I could possible look into seeing if they could move you to an earlier day that week, but I'm pretty sure they won't move it to an earlier week. Just let me know :thumbup:


----------



## mrbelk (Dec 5, 2003)

I-Won-Today said:


> Sorry for the delay... They've kept me pretty busy lately and I haven't had a chance to check this forum.
> 
> Typically our cancellations occur the day of delivery or the day before, which doesn't give us enough time to get your vehicle to our facility and have it prepped. However I believe in your situation, they've scheduled you for that date due to the production of the vehicle and not our availability. On average it will take about 1 1/2 - 2 weeks longer to take PCD delivery vs. the dealer.
> 
> ...


Been on vacation for a couple weeks.

I can certainly appreciate the scheduling challenges trying to build in enough fudge factor for shipping delays and whatnot.

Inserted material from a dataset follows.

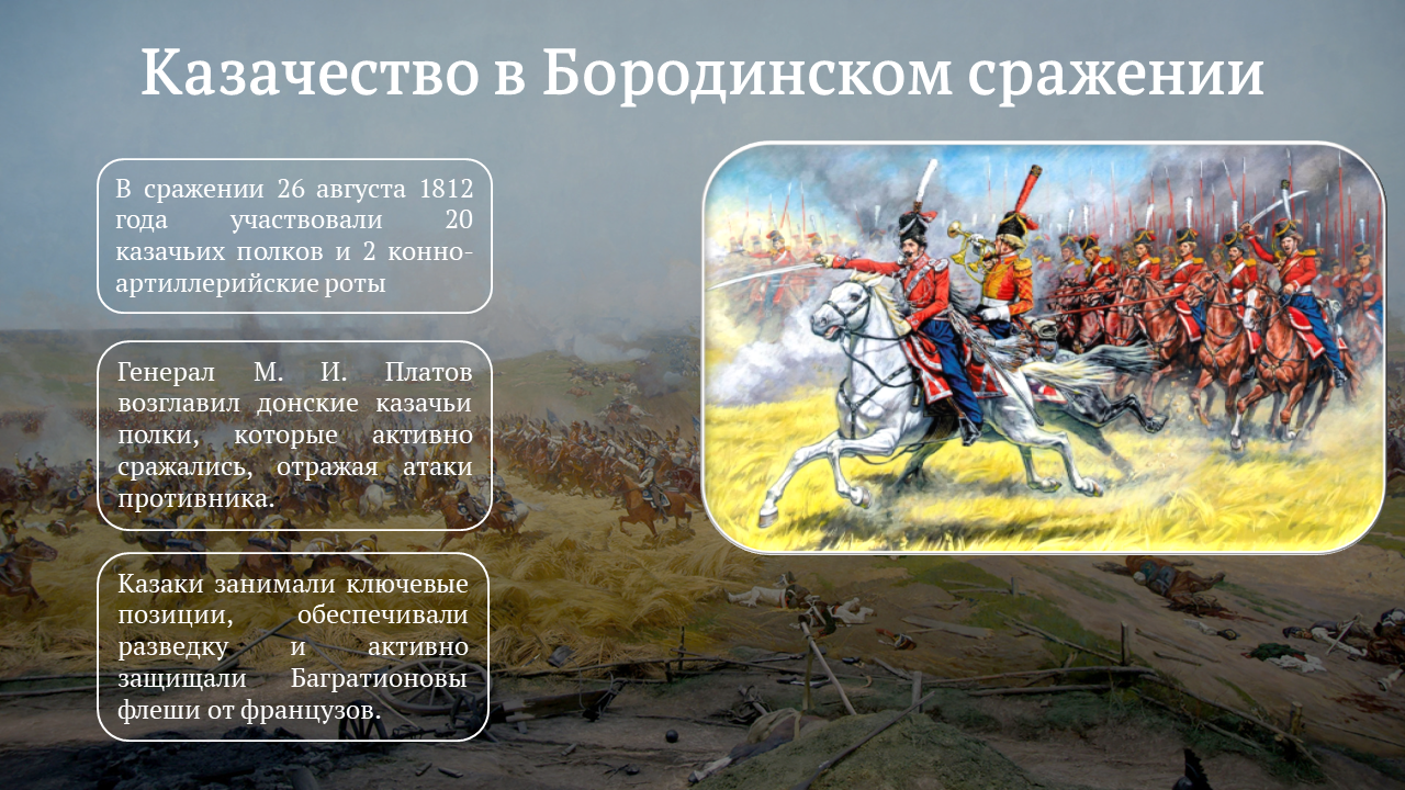 В Бородинском сражении 26 августа 1812 года в составе русской армии участвовали 20 казачьих полков и 2 конно-артиллерийские роты. 25 августа войсковой атаман генерал от кавалерии М. И. Платов возвратился из Москвы, вступил в командование донскими казачьими полками.14 казачьих полков и 2-я рота донской конной артиллерии войскового старшины П. В. Суворова составляли корпус под командованием Платова, также казачьи полки были включены в кавалерийский корпус Ф.П. Уварова. Отдельный отряд численностью 8 казачьих полков входил в резерв левого крыла русской армии, который прикрывал направление на Москву по Старой Смоленской дороге у деревни Утицы. 1-я рота донской конной артиллерии находилась в линии полков, успешно отражала попытки противника овладеть Багратионовыми флешами. Сильная партия донских казаков в разведке обнаружила несколько колонн пехоты и скрытую в лесу артиллерию противника. Неприятель принял движение казаков за атаку и послал стрелков, которые открыли огонь по казакам. Под натиском противника русские войска уступили французам д. Утицы, а затем и Утицкий курган. Вскоре казаки стали активно нападали на тылы и фланги противника, нанося ему ощутимый урон. Донские казаки активно включались в другие операции русской армии. Нападая на кавалерию и пехоту противника, казаки искали слабые места в его боевых порядках, уничтожали разведчиков, канониров и фуражиров, вели наблюдения за передвижением врага. Платов обратился к М. И. Кутузову с просьбой разрешить казакам «совершить диверсию в тыл противника». И казаки совершили диверсию: они вихрем проносились между рядами вражеской пехоты, стреляли из винтовок и пистолетов, жалили противника своими длинными пиками. Наступление французской армии в центре и на правом фланге было остановлено. Почти два часа император Франции выяснял оперативную обстановку, и лишь в 14 часов он начал 3-ю атаку на Багратионовы флеши и с. Семёновское.
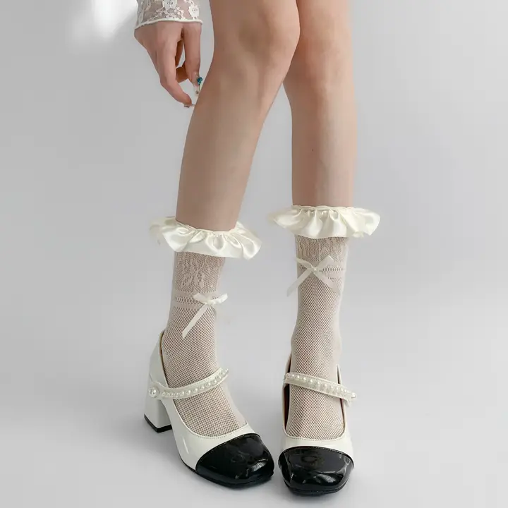 レースデザイン中筒ソックス【透湿・メッシュ・リボン付き・秋用】

It looks like the car gets to Brunswick on the 29th, based on the shipping info from my CA. We have to make a decision on keeping the 7/28 date pretty soon or else the car is going to Greer and the decision will have been made for us. The earliest date we can get, the better, for sure.

-MrB


----------



## Wine-O (Feb 17, 2010)

mrbelk said:


> Been on vacation for a couple weeks.
> 
> I can certainly appreciate the scheduling challenges trying to build in enough fudge factor for shipping delays and whatnot.
> 
> ...


What ship is your car on. Mine is on Elektra who is due to dock in Brunswick on 2 July. It would seem like a 7/28 should be feasible. I was hoping for a 7/15, but I may be a little bit too optimistic.


----------



## mrbelk (Dec 5, 2003)

Wine-O said:


> What ship is your car on. Mine is on Elektra who is due to dock in Brunswick on 2 July. It would seem like a 7/28 should be feasible. I was hoping for a 7/15, but I may be a little bit too optimistic.


Mine is on "Florida Highway" which is a K-Line ship. It's not an ED car, though, so customs clearance and VPC time should be minimal.

-MrB


----------



## I-Won-Today (Feb 21, 2007)

mrbelk said:


> Been on vacation for a couple weeks.
> 
> I can certainly appreciate the scheduling challenges trying to build in enough fudge factor for shipping delays and whatnot.
> 
> ...


Just checked on your vehicle. It is actually going to Port Charleston and not Brunswick. It is scheduled to arrive in Charleston on June 30th to be off loaded. It will then wait on a train to be transported to the VPC at the factory here.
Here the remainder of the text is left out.